* YOUR TASK *
Take the lines below from the one with "Многие наши читатели" through the one with "skitsnygg och söt" and print only them, exactly. Don't print the pictures.

* SOURCE RECORDS *
··········
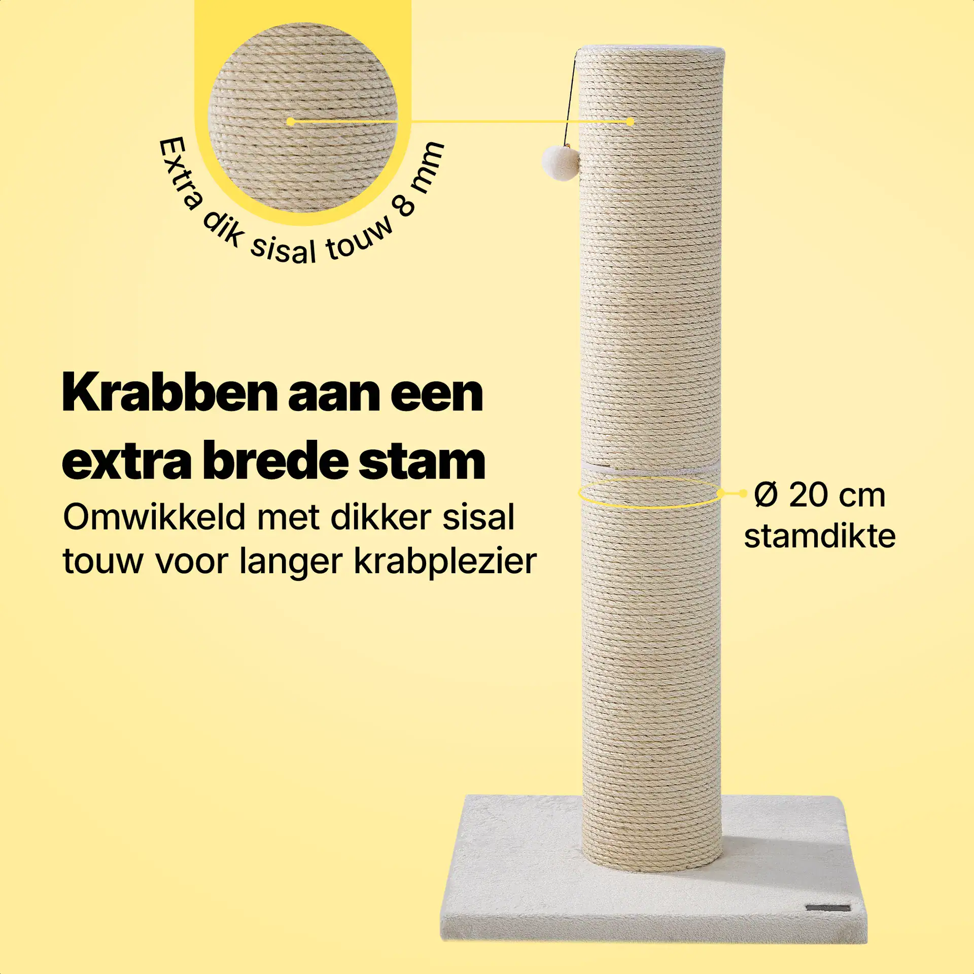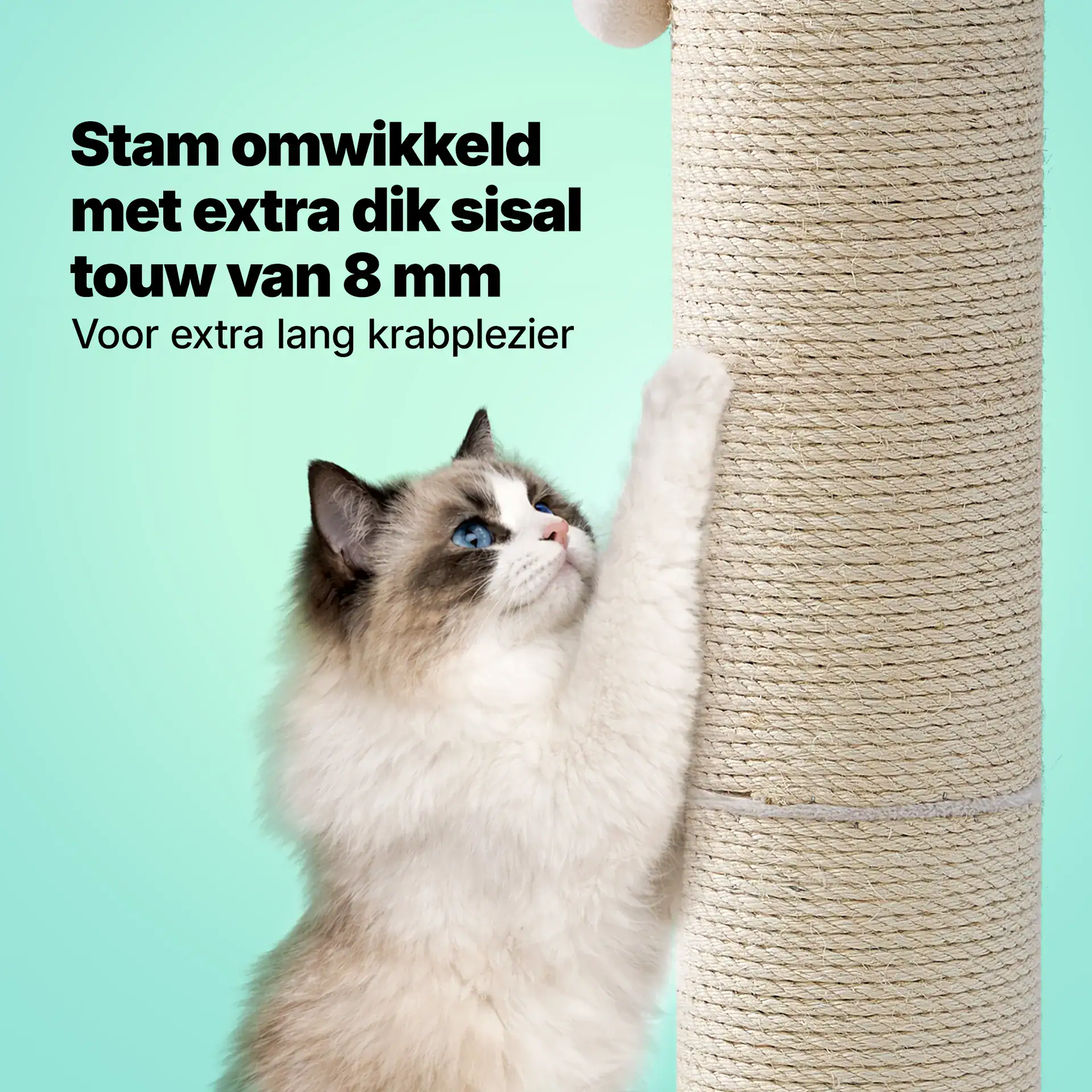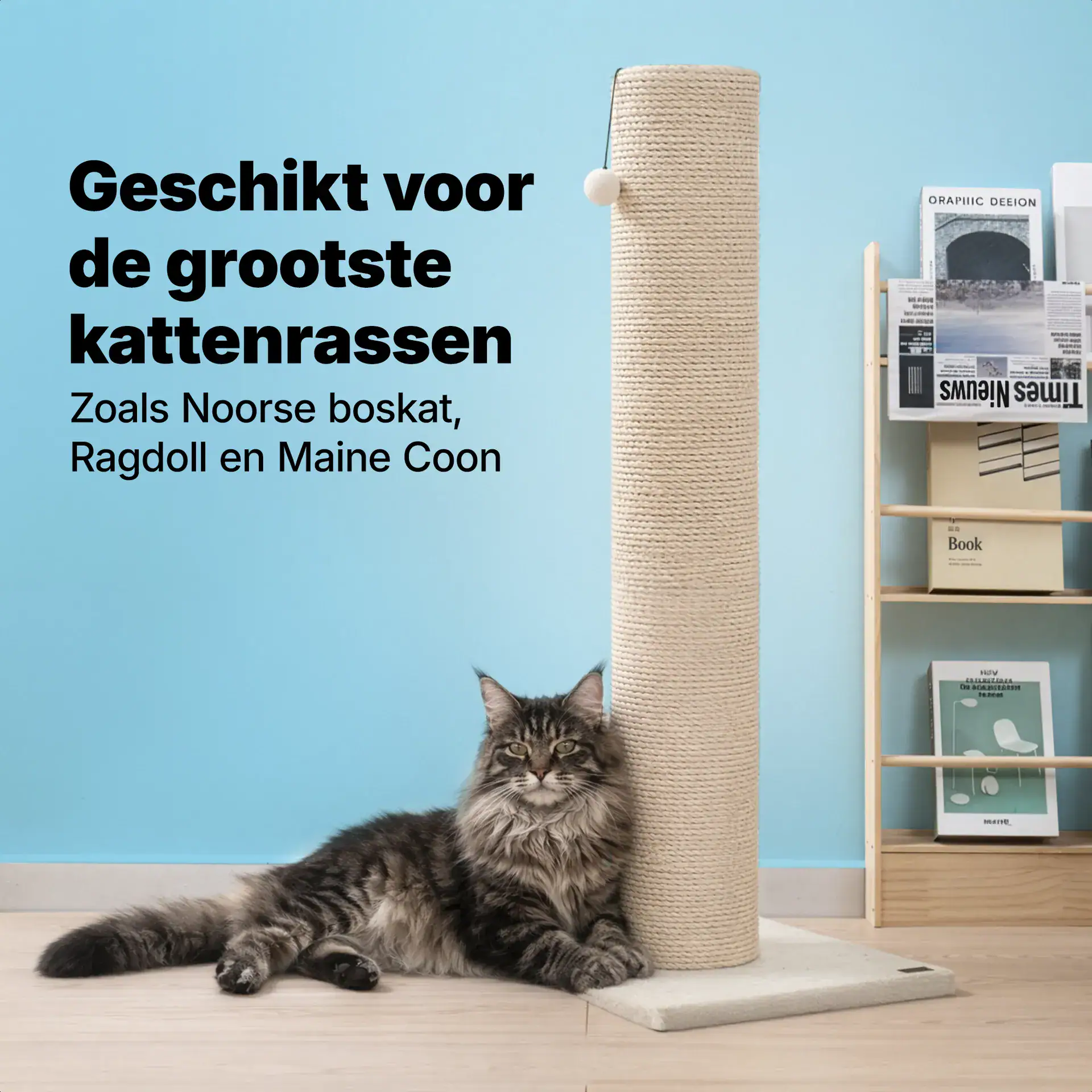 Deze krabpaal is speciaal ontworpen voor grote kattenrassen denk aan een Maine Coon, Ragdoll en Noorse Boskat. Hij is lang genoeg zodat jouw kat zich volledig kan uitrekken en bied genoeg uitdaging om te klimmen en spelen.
··········
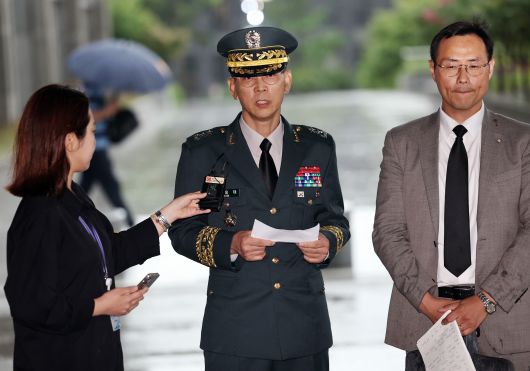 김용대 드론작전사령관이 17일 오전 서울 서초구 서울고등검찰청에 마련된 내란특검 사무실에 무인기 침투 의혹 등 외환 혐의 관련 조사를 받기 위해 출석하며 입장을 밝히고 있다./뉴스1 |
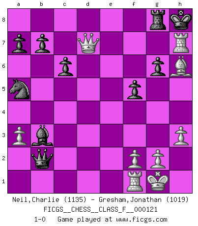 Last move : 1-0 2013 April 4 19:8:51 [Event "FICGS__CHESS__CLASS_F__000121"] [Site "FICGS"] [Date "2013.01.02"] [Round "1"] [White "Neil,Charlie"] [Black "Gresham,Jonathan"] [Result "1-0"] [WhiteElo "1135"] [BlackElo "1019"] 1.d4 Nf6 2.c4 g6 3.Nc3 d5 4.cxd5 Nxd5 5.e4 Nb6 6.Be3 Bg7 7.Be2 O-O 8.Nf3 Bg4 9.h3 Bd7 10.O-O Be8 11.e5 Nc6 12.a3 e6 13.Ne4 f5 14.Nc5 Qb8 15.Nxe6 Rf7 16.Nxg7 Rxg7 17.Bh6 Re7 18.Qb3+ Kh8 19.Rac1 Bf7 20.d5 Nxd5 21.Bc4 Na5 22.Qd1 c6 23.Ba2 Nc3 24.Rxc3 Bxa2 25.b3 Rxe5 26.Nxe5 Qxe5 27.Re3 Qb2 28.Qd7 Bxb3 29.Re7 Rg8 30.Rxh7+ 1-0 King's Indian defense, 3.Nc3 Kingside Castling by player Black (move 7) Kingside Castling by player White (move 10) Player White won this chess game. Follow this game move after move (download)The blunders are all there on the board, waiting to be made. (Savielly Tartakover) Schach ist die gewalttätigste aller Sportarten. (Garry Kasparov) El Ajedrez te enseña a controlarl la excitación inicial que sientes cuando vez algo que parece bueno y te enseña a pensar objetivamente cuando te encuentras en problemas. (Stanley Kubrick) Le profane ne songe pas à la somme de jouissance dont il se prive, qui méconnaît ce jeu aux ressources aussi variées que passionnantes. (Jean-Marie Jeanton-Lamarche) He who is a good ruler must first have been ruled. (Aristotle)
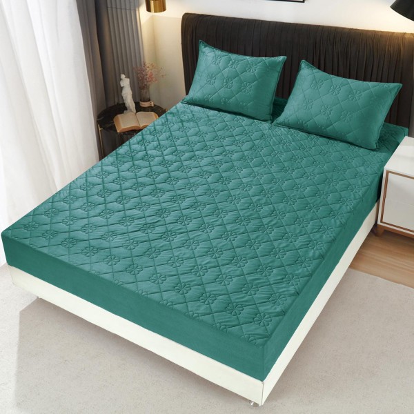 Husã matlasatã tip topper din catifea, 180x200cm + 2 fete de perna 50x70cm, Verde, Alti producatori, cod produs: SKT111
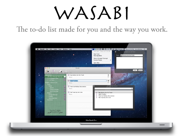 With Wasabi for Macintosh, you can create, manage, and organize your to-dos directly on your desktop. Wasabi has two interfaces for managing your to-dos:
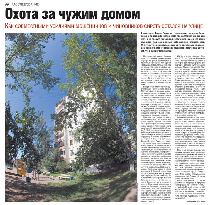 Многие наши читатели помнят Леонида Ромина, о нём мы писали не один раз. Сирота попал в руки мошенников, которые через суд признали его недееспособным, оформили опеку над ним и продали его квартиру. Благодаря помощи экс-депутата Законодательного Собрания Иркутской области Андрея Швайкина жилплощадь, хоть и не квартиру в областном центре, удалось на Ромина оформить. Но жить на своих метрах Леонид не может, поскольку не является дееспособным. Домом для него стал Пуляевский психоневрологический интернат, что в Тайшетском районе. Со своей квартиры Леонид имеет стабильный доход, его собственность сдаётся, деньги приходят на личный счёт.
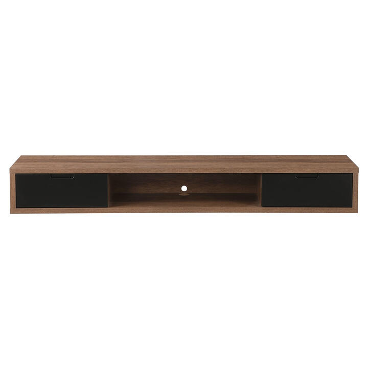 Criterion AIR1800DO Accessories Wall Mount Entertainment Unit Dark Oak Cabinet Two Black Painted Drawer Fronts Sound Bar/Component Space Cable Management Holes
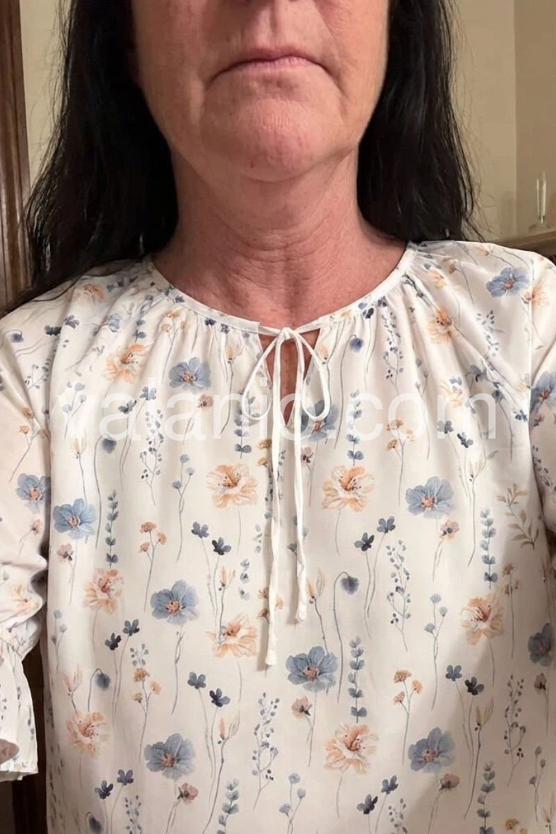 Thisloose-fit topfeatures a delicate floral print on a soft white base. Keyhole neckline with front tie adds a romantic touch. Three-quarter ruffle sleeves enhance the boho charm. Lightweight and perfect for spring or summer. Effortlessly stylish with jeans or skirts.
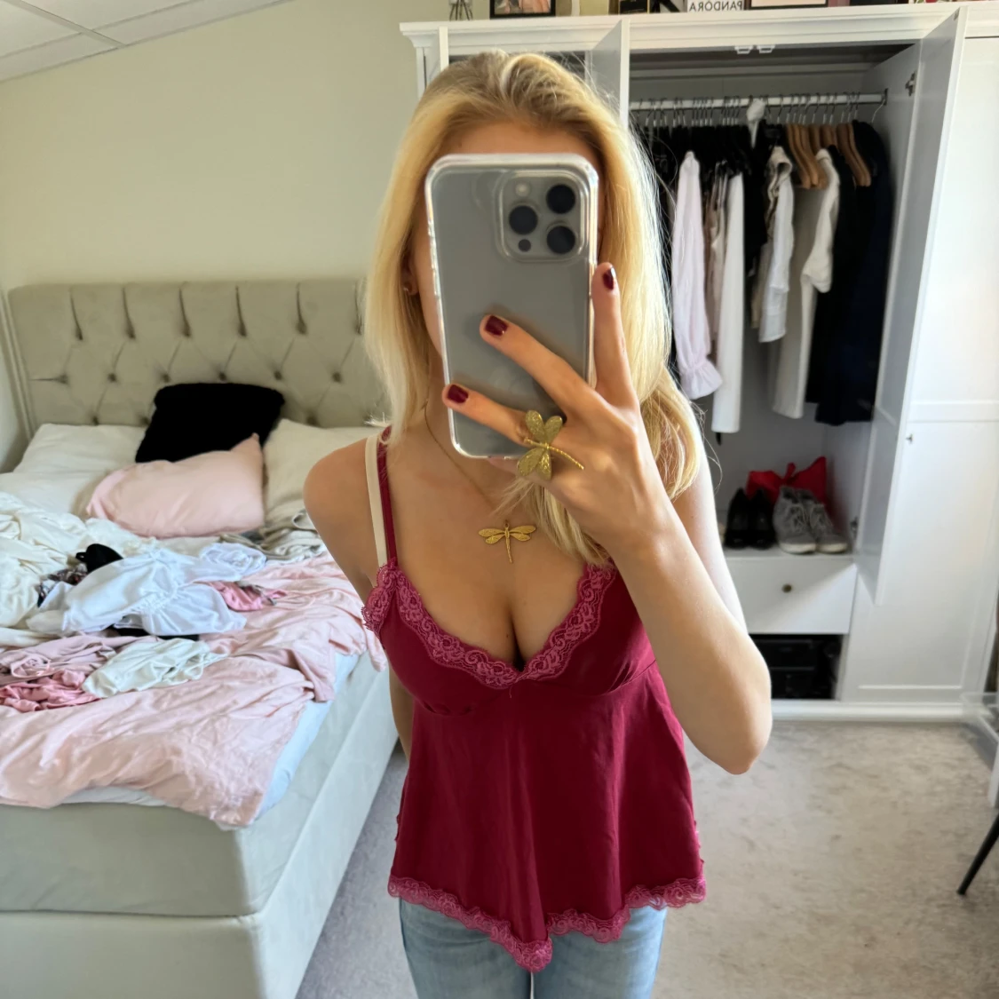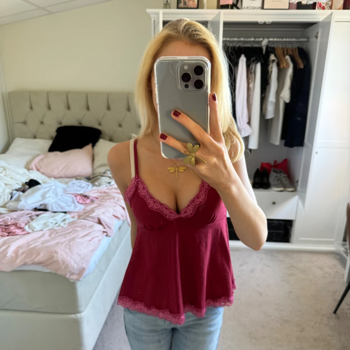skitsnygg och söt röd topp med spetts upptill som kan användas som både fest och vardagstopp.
··········
* RESPONSE *
 Многие наши читатели помнят Леонида Ромина, о нём мы писали не один раз. Сирота попал в руки мошенников, которые через суд признали его недееспособным, оформили опеку над ним и продали его квартиру. Благодаря помощи экс-депутата Законодательного Собрания Иркутской области Андрея Швайкина жилплощадь, хоть и не квартиру в областном центре, удалось на Ромина оформить. Но жить на своих метрах Леонид не может, поскольку не является дееспособным. Домом для него стал Пуляевский психоневрологический интернат, что в Тайшетском районе. Со своей квартиры Леонид имеет стабильный доход, его собственность сдаётся, деньги приходят на личный счёт.
 Criterion AIR1800DO Accessories Wall Mount Entertainment Unit Dark Oak Cabinet Two Black Painted Drawer Fronts Sound Bar/Component Space Cable Management Holes
 Thisloose-fit topfeatures a delicate floral print on a soft white base. Keyhole neckline with front tie adds a romantic touch. Three-quarter ruffle sleeves enhance the boho charm. Lightweight and perfect for spring or summer. Effortlessly stylish with jeans or skirts.
skitsnygg och söt röd topp med spetts upptill som kan användas som både fest och vardagstopp.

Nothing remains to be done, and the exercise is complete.